Oil and gas sales revenues in 1999 increased by 36%, or $28.8 million, over those revenues for 1998. In 1998, oil and gas sales revenues increased by 16%, or $11.1 million, over those revenues in 1997. Our net sales volumes in 1999, including the volumetric production payment associated with each year’s production, increased by 10%, or 3.8 Bcfe, over net sales volumes in 1998. In 1998, net sales volumes increased by 54%, or 13.6 Bcfe, over net sales volumes in 1997. Average prices for oil decreased from $17.59 per Bbl in 1997 to $11.86 per Bbl in 1998, and then increased to $16.75 per Bbl in 1999. Average gas prices decreased from $2.68 per Mcf in 1997 to $2.08 per Mcf in 1998, and then increased to $2.40 per Mcf in 1999.

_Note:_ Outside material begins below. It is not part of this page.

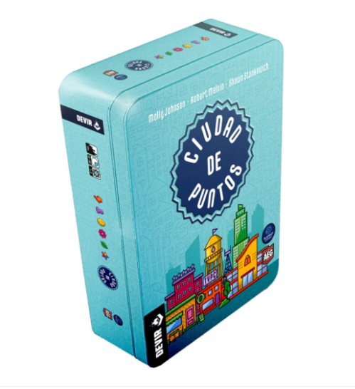 De los creadores del exitoso Ensalada de puntos llega Ciudad de Puntos, un juego rápido y divertido de selección de cartas para toda la familia. Hay más de un centenar de cartas de edificio únicas, así que podrás crear una ciudad totalmente distinta cada vez que juegues. Ciudad de puntos parte del mismo concepto de seleccionar cartas y crear las mejores combinaciones, y le añade una nueva dimensión de gestión de recursos y creación de motor de juego. El resultado es un juego fácil de aprender, pero desafiante para todo el mundo. Diseñado y desarrollado por Molly Johnson, Robert Melvin y Shawn Stankewich, este título se puede disfrutar en solitario o en grupos de hasta 4 personas, a partir de 10 años, en partidas de entre 15 y 30 minutos de duración. Ciudad de puntos es un juego de selección de cartas y creación de motor de juego en el que los jugadores consiguen recursos y construyen su ciudad mediante cartas de edificio, compitiendo para conseguir más puntos que los demás. Los edificios construidos ayudan a los jugadores a obtener bonificaciones, puntos y recursos permanentes para los turnos sucesivos. ¡El jugador que construya la ciudad que valga más puntos será el ganador! A lo largo de la partida, las cartas del mercado central mostrarán recursos y distintos edificios. En su turno, los jugadores decidirán si prefieren tomar recursos o gastarlos para construir edificios y así ampliar su ciudad. Poco a poco, los edificios construidos también generarán recursos, de modo que cada vez será más fácil construir nuevas cartas. Además de obtener puntos por las cartas construidas, los jugadores pueden sumar puntos de bonificación gracias a las fichas cívicas, un premio que otorgan los edificios públicos, y que sirve para sumar puntos gracias a los recursos producidos. Ciudad de puntos también cuenta con un modo de juego solitario, en el que el jugador se enfrentará a un contrincante automatizado con tres niveles de dificultad. Ya sea en solitario o en grupo, Ciudad de puntos es un juego fácil de preparar y de aprender, que promete muchas horas de diversión. ¡Construye la ciudad más valiosa y gana la partida!

In 1999, our $28.8 million increase in oil and gas sales resulted from:
Volume variances that added $7.5 million of sales, with $9.0 million of increases coming from the 0.8 MMBbl increase in oil sales volumes, partially offset by a decline of $1.5 million from the 0.7 Bcf decrease in gas sales volumes; and
Price variances that had a $21.3 million favorable impact on sales, $12.6 million of which was attributable to the 41% increase in average oil prices received, and $8.7 million of which was attributable to the 15% increase in average gas prices received.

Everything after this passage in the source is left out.